Source : Ifip d’après USDA-FAS, Alltech et Allaboutfeed.
Smithfield foods a annoncé qu’à partir de juin, près de la moitié des porcs produits par l’entreprise sera nourrie sans ractopamine, un additif destiné à favorisé la croissance musculaire des animaux. L’abattoir de Milan (Missouri, d’une capacité de 10 400 porcs par jour) va s’ajouter aux deux grands sites d’abattage de Tar Heel et de Clinton (Caroline du nord) qui garantissent déjà de la viande « sans ractopamine». Depuis mars dernier, la Chine a imposé l’absence de résidus de ractopamine dans ses importations en provenance des Etats-Unis. Depuis début février, la Russie interdit les importations de porc et de bœuf en raison des risques de présence de cet additif.

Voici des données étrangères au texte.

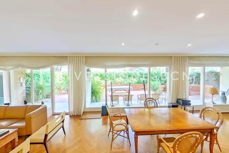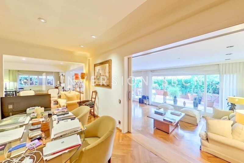 INVERSIONES GRUP REAL ESTATE BOUTIQUE PRESENTS~this wonderful 590m2 apartment in Sarria Sant-Gervasi~~The apartment is in the quiet and exclusive area of Sant Gervasi, with 590m² of living space and 370m² of terrace-garden that surrounds it. The apartment is completely exterior and faces all four winds, enjoying natural light in all its rooms. It is bright and very quiet.~~The building is just a few minutes from the train station. Different bus lines around, and restaurants and shops nearby. A doorman works all day and also an alarm inside the apartment and outside the terrace.~~The apartment has a hall that leads us to a large living-dining room with large windows that give access to a magnificent garden, ideal for enjoying special moments with family and friends. In another dining room and a private living room with a fireplace overlooking the garden. There is a library next door.~~The kitchen is spacious and fully equipped.~~It has five large bedrooms with fitted wardrobes, a dressing room, two bedrooms for the staff, three bathrooms, two toilets, an ironing room and a laundry room. The rooms are air conditioned and have gas heating.~~FEATURES OF THE APARTMENT [amp;] ESTATE~1 grand living room, divided into 4 rooms, with access to the garden~· 5 double bedrooms, spacious and exterior, and with access to the garden from the main room~· 2 staff rooms~· 1 terrace that surrounds the entire property~· 5 bathrooms (3 bathrooms and 2 toilets)~· 1 dressing room~· 1 library~· 1 shed~· 7 parking spaces (3 for cars and 4 for motorcycles)~· 1 storage room~· 1 chimney works well~~This property is in an excellent area and close to all services, this apartment is the perfect place to live in this magnificent city..~~Do not hesitate to contact us to discover all the possibilities that this apartment has to offer! You can call or WhatsApp Daniel directly at six five six six one four one one four.

Source : Ifip d’après Reuters, USMEF, The Pig site et Meatingplace.
En Basse Saxe, Land où la production porcine est la plus concentrée d’Allemagne, 6 entreprises d’abattage de porc, qui souhaitent garder l’anonymat, se sont prononcées en faveur de l’introduction d’un salaire minimum de 8,50 euros nets par heure. Ces entreprises s’engageraient dans cette direction sous la pression sociétale croissante. Le Ministre de l’Agriculture de la Basse-Saxe milite pour l’introduction d’un salaire minimum au niveau fédéral. Ce thème constitue un sujet important des prochaines élections nationales, de septembre 2013. Mi-juin, le Ministre rencontrera de nouveau ces entreprises pour établir les conditions de travail et les contrats. Un des objectifs est qu’une part plus importante des employés d’Europe de l’Est soit embauchée directement par les entreprises et non par les « Agences d’intérim » basées dans les pays de l’Est. Ces employées profiteront ainsi du système de sécurité sociale allemand et cotiseront pour la retraite.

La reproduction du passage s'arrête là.